Management fees for the first six months of 2012 were $49.7 million, which includes $900,000 of fee income from management contracts that have since been terminated. For the same period last year, management fees were $48.6 million, which includes $4.3 million of fee income from management contracts that have since been terminated or eliminated in consolidation, including $2.4 million from the 15 AL US communities.
Our consolidated and leased community net operating income for the first six months of 2012, excluding the impact of the communities acquired in 2011 and 2012, which include the 15 AL US communities acquired in June 2011, and the six communities acquired in the first quarter of 2012 decreased $1.3 million year-over-year. These 21 communities accounted for $46.8 million of incremental resident fee income and $29.6 million of incremental community expense in our year-to-date 2012 consolidated results.
Turning to our balance sheet, our unrestricted cash balance at June 30th was $54.8 million. The principal amount of our outstanding consolidating debt at June 30th was $531.2 million.

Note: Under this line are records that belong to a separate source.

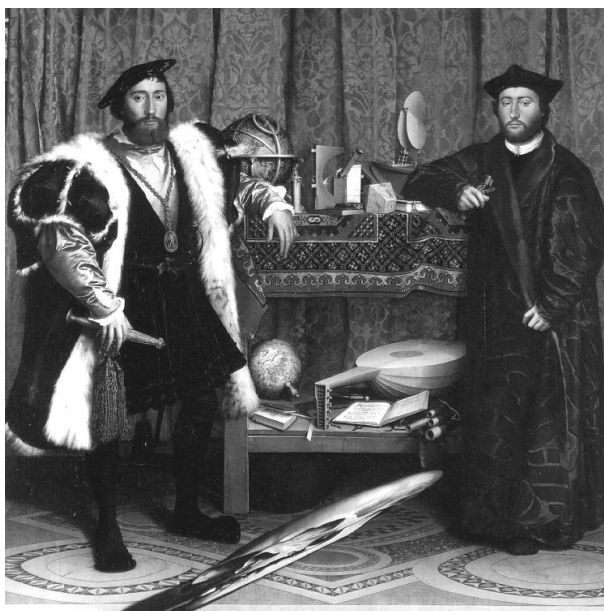
Ryc. 2. Hans Holbein, The Ambassadors , 1533 Londyn, National Gallery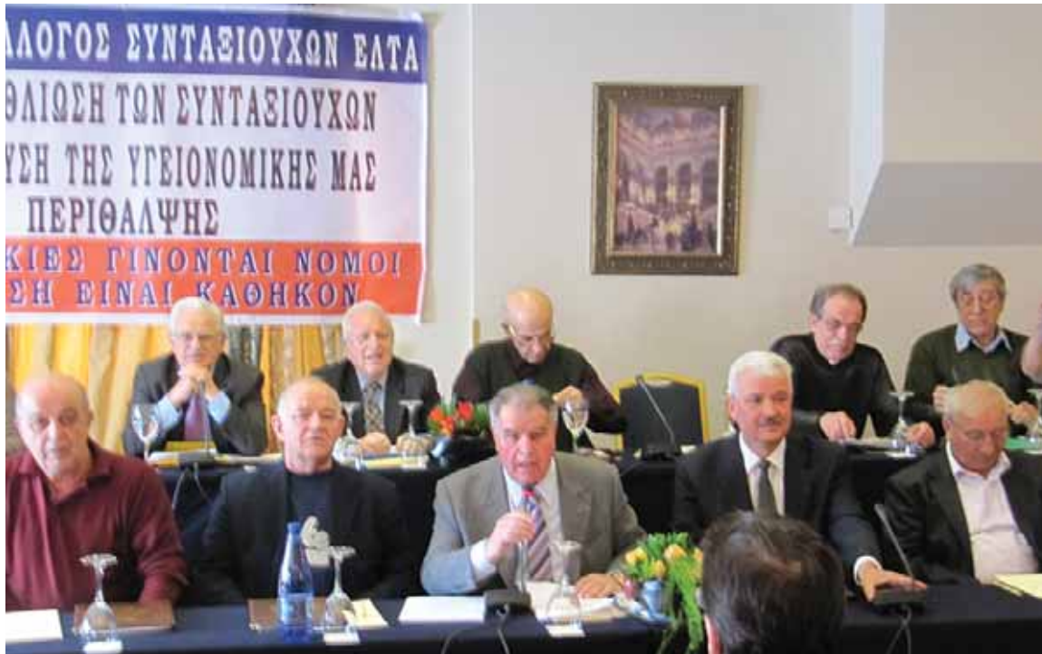
Από τη Γενική μας Συνέλευση. Στην κάτω σειρά ο Προεδρείο της Γ.Σ. από τους συναδέλφους εκπροσώπους των Τοπικών Περιφερειακών Επιτροπών και στη δεύτερη σειρά ο Πρόεδρος και Μέλη του Δ.Σ. του Συλλόγου μας

Οδηγούμαστε μεθοδικά και με μαθηματική ακρίβεια στην πλήρη εξαθλίωση. Οι συνθήκες που καλούμαστε να αντιμετωπίσουμε στην καθημερινότητά μας ως Συνταξιούχοι, συγκρίνονται μόνο με τριτοκοσμικές χώρες ή χώρες που καταστρέφονται από πόλεμο, Κατα συνέπεια, η ζωή μας τίθεται στο περιθώριο και απειλείται από τη σχεδόν ολοκληρωτική αδυνα-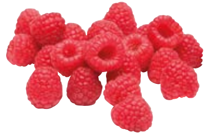
framboos 125gr | 58.120.05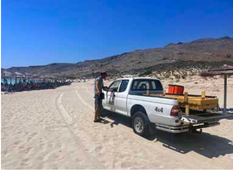
Ελαφόνησος, παραλία Σίμου, 2023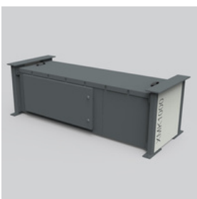
Hydraulic Box BHA

Bedienpult OPM-XL Eine erweiterte Version des Basis-Bedienpultes inkl. Schaltschrank. Ermöglicht die Steuerung mehrerer Komponenten der XMK-Anlage.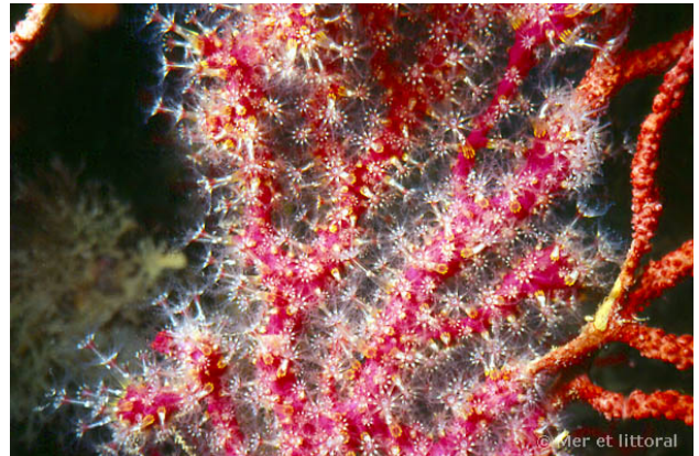
Illes Medes, Espagne, 17 mètres, 2004, WBN

Textes de Wilfried Bay-Nouailhat © 2005 - 2026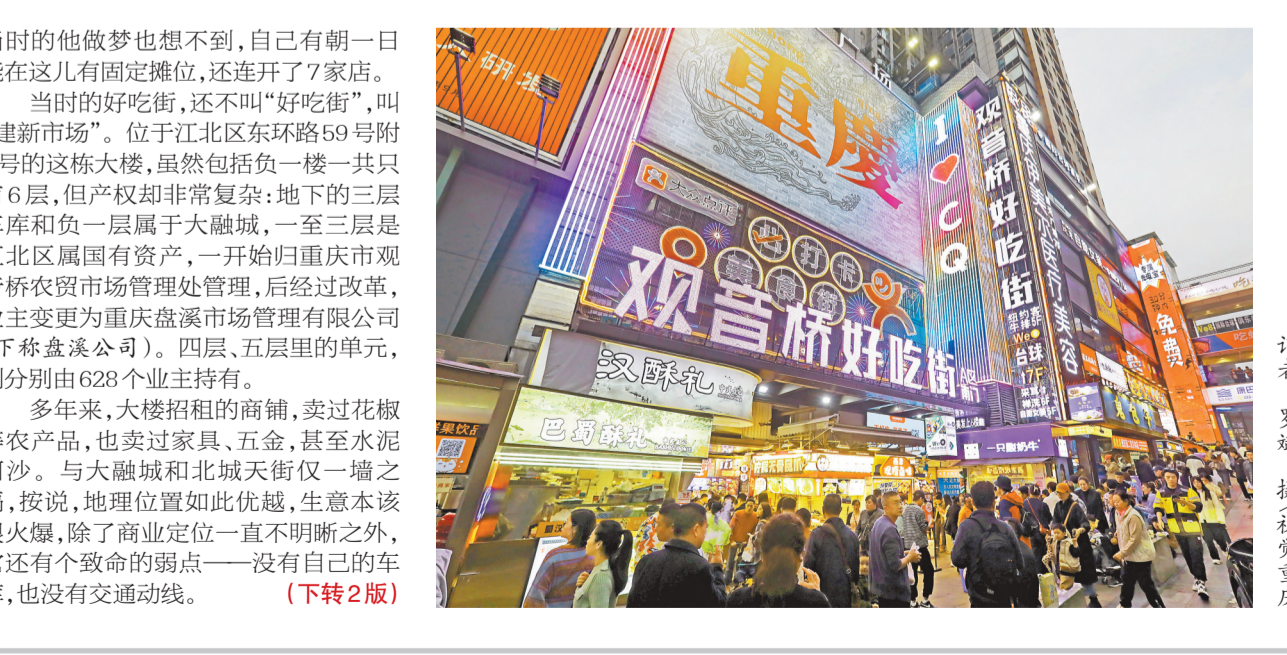
江北区观音桥好吃街已成为新地标,食客络绎不绝。

丁家坡洋芋、刘酥肉、葡萄井凉粉……江北区观音桥好吃街,每天上午10点到晚上11点,食客络绎不绝从四面八方涌来。 经营面积不足1.2万平方米的美食街,每天至少迎客11万人次,今年春节期间,人流更是高达130多万人次。放眼全国各大好吃街,它也是排名前列的“人气王”。 谁能想到,就在13年前,好吃街所在的这栋建筑,还是黑咕隆咚的烂尾楼。一楼、二楼稀稀落落的五金店和建材店,白天不开灯的话,只能“打黑摸”,库房里更是积了厚厚一层灰…… 从“烂尾楼”到“人气王”,背后是一段国有资产盘活艰辛历程。当下,全市上下正全力推进“三攻坚一盘活”改革突破,从观音桥好吃街的涅槃之路,我们或许可以获得一些经验和启发。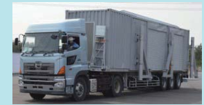
代替海水熱交換器車 (7台配備)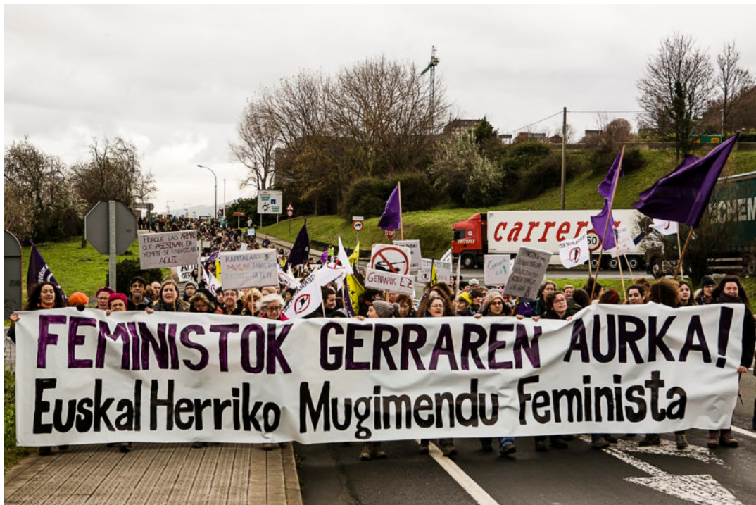
Alrededor de mil personas se manifestaron en Santurtzi contra las guerras.

El movimiento feminista vasco ha clamado contras las guerras, que empiezan en el Puerto de Bilbao, de donde parten barcos con armamento, y contra las fronteras. Estas son algunas de las imágenes que ha dejado una jornada de lucha, reivindicación y unión.

Since our last conference call, we’ve paid down our line of credit by $39 million and removed $175 million of mortgage debt from our balance sheet that was associated with seven communities that were contributed to a venture at the end of June. I will now turn the call over to Greg Neeb.
Greg?
Greg Neeb
Thank you, Mark. I’ll provide comments for our consolidated assets, our leased assets, our joint ventures and our management contracts for both stabilized and leased-up properties, which is a reflection of how we manage our business.
I will also speak about key transactions within each segment, details are available in our supplemental 8-K filed yesterday. Our consolidated community portfolio now consists of 23 communities, all of which are stabilized as of June 30, 2012.
In the second quarter, our consolidated portfolio was reduced by seven communities and these communities were transferred to a newly formed venture. I will detail this shortly.
For the second quarter, the 23 consolidated communities produced $11.6 million of net operating income before management fees, resulting in a NOI increase of 1.5% for the second quarter of 2012 over the second quarter of 2011. For the same period, occupancy was up 170 basis points, and average revenue per occupied unit was up 1.7%.
NOI for leased communities was down 13.1% and occupancy was 87.7% for the second quarter of 2012 versus 88.3% for the second quarter of 2011. Within our leased community segment on May 29, 2012, we entered into an agreement to terminate 10 operating community leases with the lessor, Senior Housing Properties Trust.
The lessor lesser paid us $1 million as consideration for the in-place furniture, fixtures and equipment. Communities will be transitioned to a new manager over the next four to 12 months.
Excluding the 10 terminated leased communities, NOI decreased approximately 7.6% and occupancy was 89.4% for the second quarter of 2012 versus 90% for the second quarter of 2011. This decrease was due to lower run rate as discussed on previous calls and lower skilled nursing resident days.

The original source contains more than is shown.